- 6 slices sourdough bread, torn into ¼-inch pieces
- 10 tablespoons unsalted butter
- 1 pound fusilli (or macaroni of choice)
- ½ cup flour
- 4 cups whole milk
- 1 cup Half and Half
- ½ cup heavy cream
- 2 teaspoons kosher salt
- ¼ teaspoon freshly ground black pepper
- ¼ teaspoon cayenne pepper
- 1 pound extra sharp white cheddar cheese, shredded
- 1 pound smoked Gruyère, shredded
- ½ cup shredded triple cheddar cheese with a touch of philadelphia
- ¼ cup grated parmesan
Courtesy of Wendy Bradshaw – Winner of the 1st Annual Molly’s Mac n’ Cheese S’mac Down
Preheat oven to 375° and butter a 9 X 13-inch casserole dish.
Place bread pieces in medium bowl. Melt 2 tablespoons of butter, pour over bread and toss.
Cook macaroni according to package directions and set aside.
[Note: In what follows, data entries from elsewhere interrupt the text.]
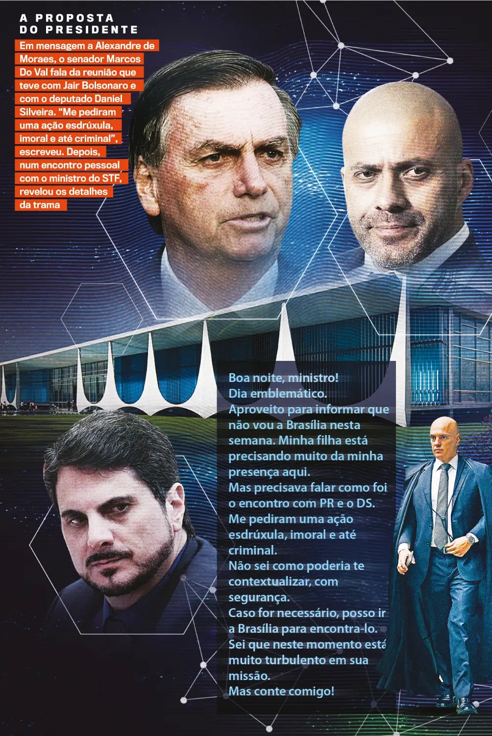 No dia 14 de dezembro, na data agendada pelo ministro para o encontro com o senador, o Supremo Tribunal Federal julgava a legalidade do chamado orçamento secreto. No intervalo da sessão, Alexandre Moraes deixou o plenário e, de toga, foi até o salão branco do prédio, onde Marcos do Val já o aguardava, conforme o combinado. A conversa foi rápida, durou apenas alguns minutos. O parlamentar narrou detalhes do encontro que teve com o presidente, da proposta indecorosa que recebeu e os objetivos abjetos do plano. Acostumado nos últimos tempos a lidar com as mais mirabolantes teorias da conspiração, Moraes fez um único comentário: “Não acredito”, disse em tom de espanto. À noite, depois de relatar o caso ao ministro e convicto de que estava se envolvendo em algo perigoso, Do Val finalmente respondeu às mensagens de Daniel Silveira. “Irmão, vou declinar da missão”, escreveu, sem dar maiores explicações. O deputado assentiu: “Entendo, obrigado”.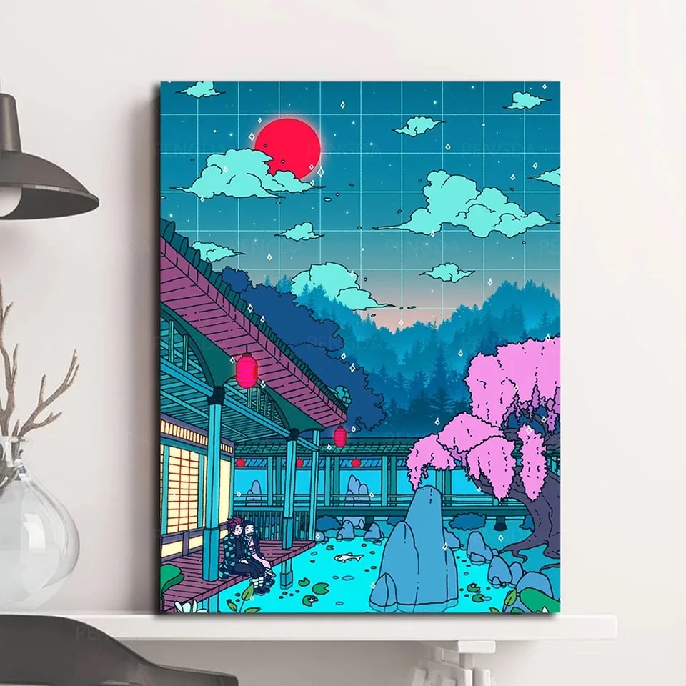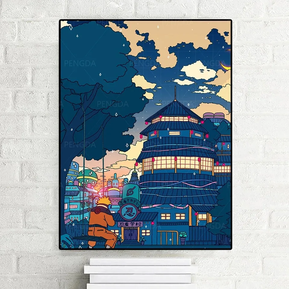 Холст Художественная настенная живопись HD мультфильм вид улица масляная живопись печать современный японский стиль домашний Декор ткань живопись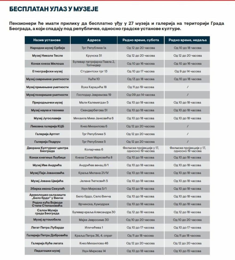 Takođe, penzioneri će imati priliku da besplatno uđu u 27 muzeja i galerije, a koji su deo gradske ustanove kulture, poput: muzeja Nikole Tesle, konaka Knjeginje Ljubice, Narodnog muzeja...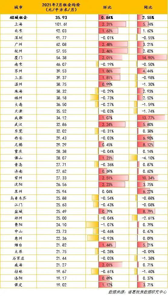 楼市 40城7月房租榜:西安租金同比涨幅第六7月毕业季热潮减弱,你所在城市的房租价格降了吗?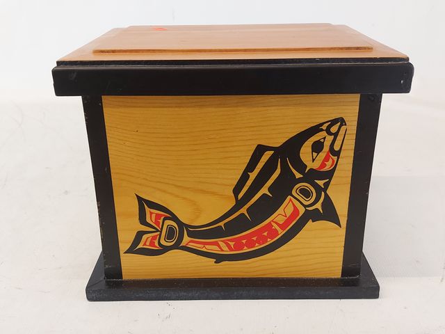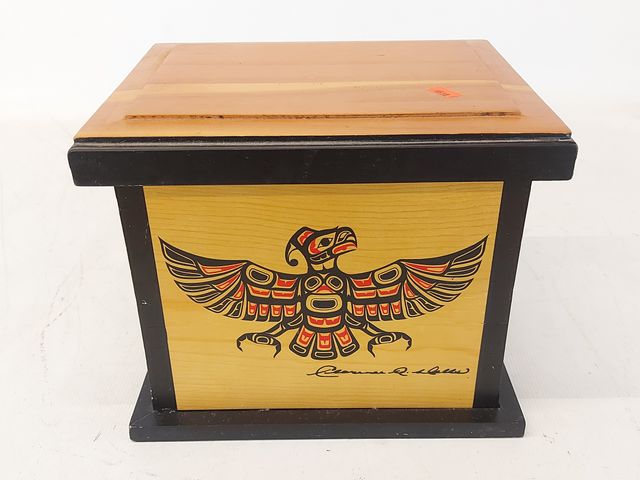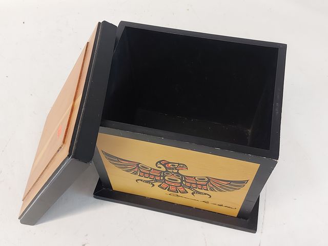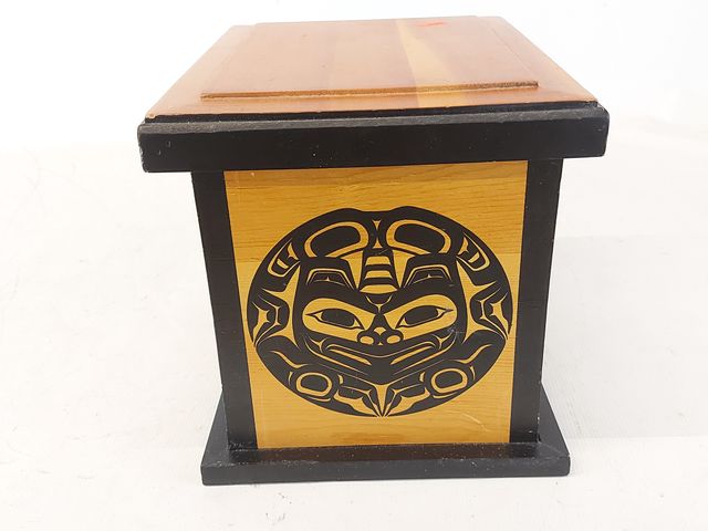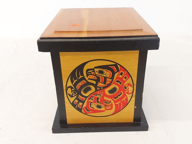 Lot # 122 - Boite haïda en bois design par Clarence Wells mesurant 7.5 pouces de hauteur SOLD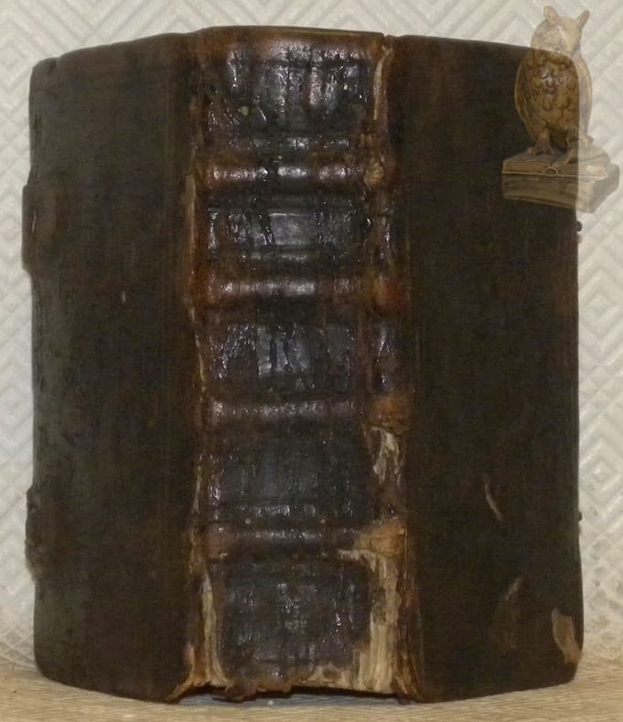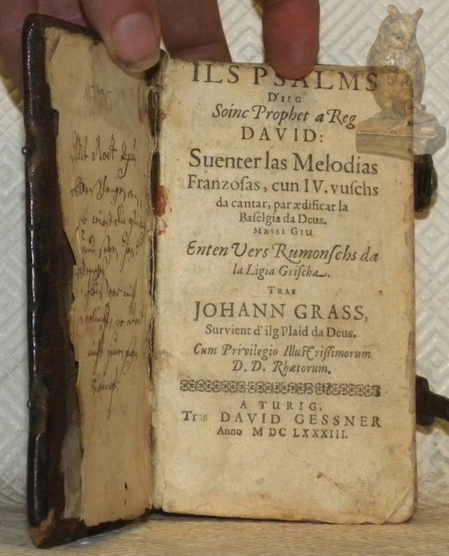Turig (Zürich), David Gessner 1683, 140x80mm, reliure veau marbré de l’époque. Dos à quatre nerfs. Coiffe inférieure abimée, charnières craquelées, trous sur le bas du coin de plat supérieur. Avec deux fermoirs. Inscription manuscrite sur la feuille de garde supérieure. Dernière feuille déchiré, sans manque de texte.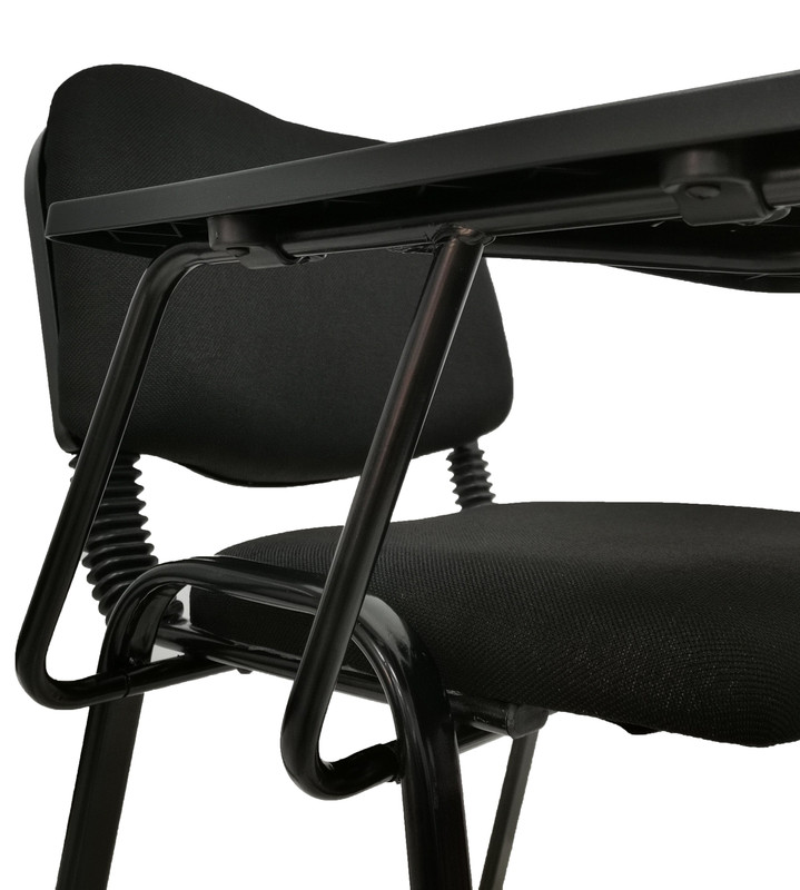 This lecture chair with a table top is designed for classroom, training, and conference use. It features a sturdy construction with a comfortable upholstered seat and a removable table top, making it versatile and space-saving. The chair is suitable for various professional environments and offers durability for frequent use.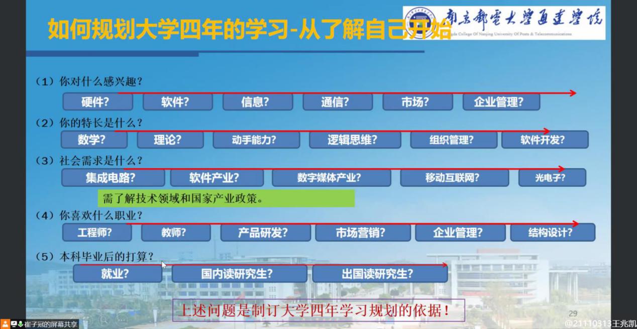 培养方案负责人从培养目标、毕业要求、主干学科和交叉学科、核心课程、毕业学分及比例要求,通信工程(嵌入式培养)、信息工程专业的专业课程体系配置等方面对培养方案进行了详细的解读。同时也对上述专业找工作以及考研的相关情况进行了详细的介绍,让学生对未来四年的学习目标和任务有了初步的了解和认识。此外,培养方案负责人还对新生在大学的学习、生活方面的转变做出了说明,并且对学生未来四年的规划提出了建议。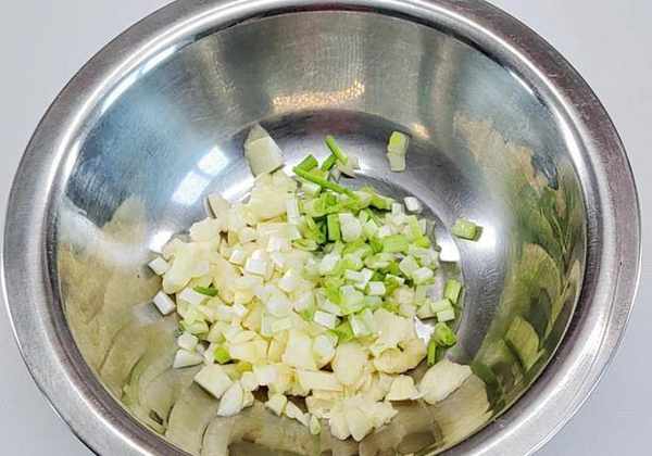 5、蒜子去外皮後先用刀面拍散,然後再切成蒜末,小蔥隻取蔥白,蔥白切成蔥花後備用。這兩樣都是增香的料頭。可別小看這小小的料頭,我們炒出來的合菜,香氣好不好這料頭可是能起到重要的作用。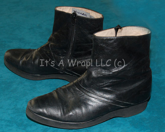 A pair of black leather men’s boots appearing variously in Star Trek episodic television and/or feature films and are compatible with generally any Starfleet uniform. The boots are used Vibram name brand footwear with multiple tags applied to the interior and a name inscription penned into them reading ‘Jeffrey’, the … |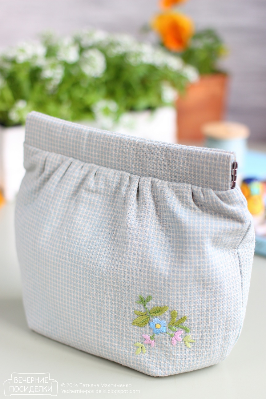 Снова вышивка. Вот что значит летняя погода за окном — сразу тянет повышивать, да и полевые цветы я очень люблю, а незабудки особенно: вышивать различные их вариации могу бесконечно. Эти мои незабудки не «японцы», как вы возможно подумали, а «немцы» (из «Anna»), вышила их на косметичке с совершенно новым для меня замком, который и задал общий стиль и форму. Такие замки я и раньше в готовых вещах, конечно, видела (правда только сейчас это понимаю), но как-то не интересовалась, что это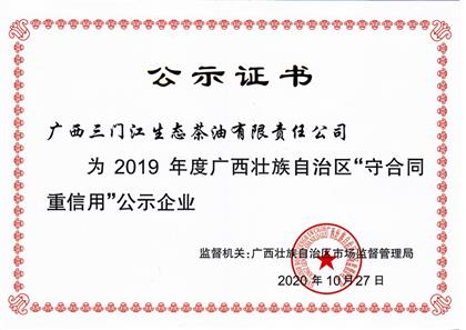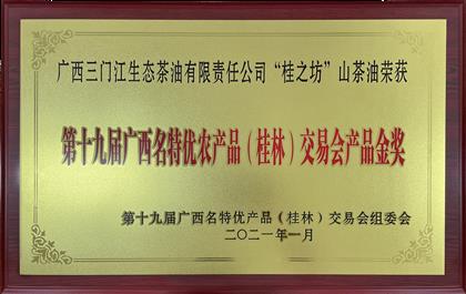 2021年1月,从广西名特优农产品(桂林)交易会组委会获悉,我公司“桂之坊”山茶油荣获第19届广西名特优农产品(桂林)交易会产品金奖。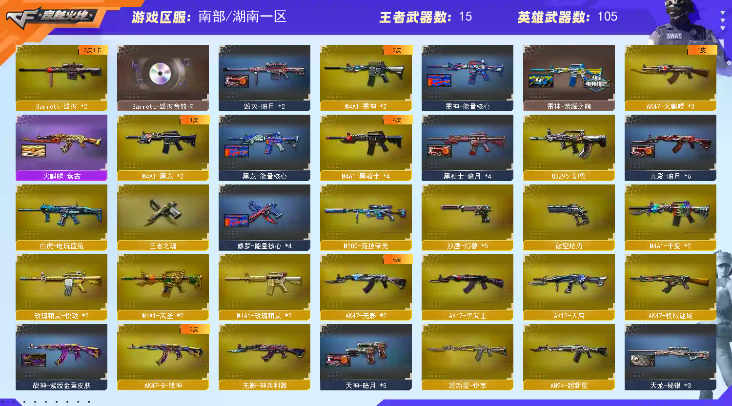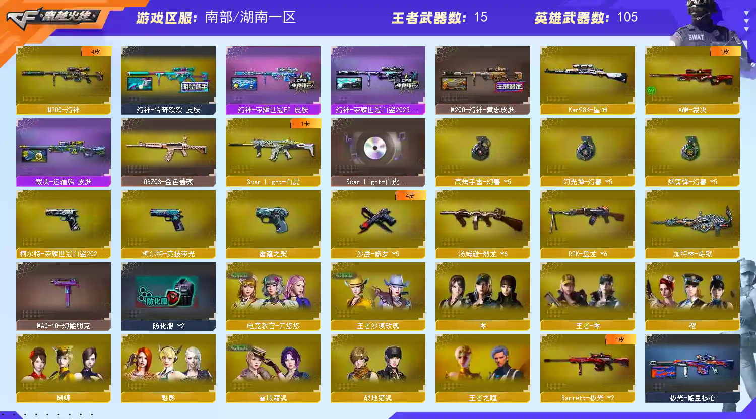 [太阳]南部-湖南一区 [太阳]【幻神EP+新白鲨+传奇欧欧+黄忠】 [太阳]【绝版5套幻兽+白鲨柯尔特+COP雷霆】 幻神 星神 白虎音效卡 QBZ 裁决 都齐 【6盘龙6烈龙+5炼狱】;柯尔特-荣耀世冠白鲨2023,电竞教官-云悠悠,王者沙漠玫瑰,RPK-盘龙,QBZ03-金色蔷薇,M200-幻神,Scar Light-白虎,

Melt 8 tablespoons butter in large skillet over medium heat. When butter bubbles, add flour and whisk for 1 minute. Continue whisking as you slowly add milk, Half and Half, and heavy cream, stirring constantly until the mixture becomes thick, approximately 10–12 minutes. Remove skillet from heat. Stir in salt, black pepper, cayenne pepper along with 1 1/2 cups each of the extra sharp cheddar and smoked Gruyère, and all of the triple cheddar and parmesan, Stir macaroni into cheese sauce and pour entire mixture into prepared casserole dish. Sprinkle remaining extra sharp cheddar, smoked Gruyère, and breadcrumbs over the top and bake until golden brown (approximately 30 minutes).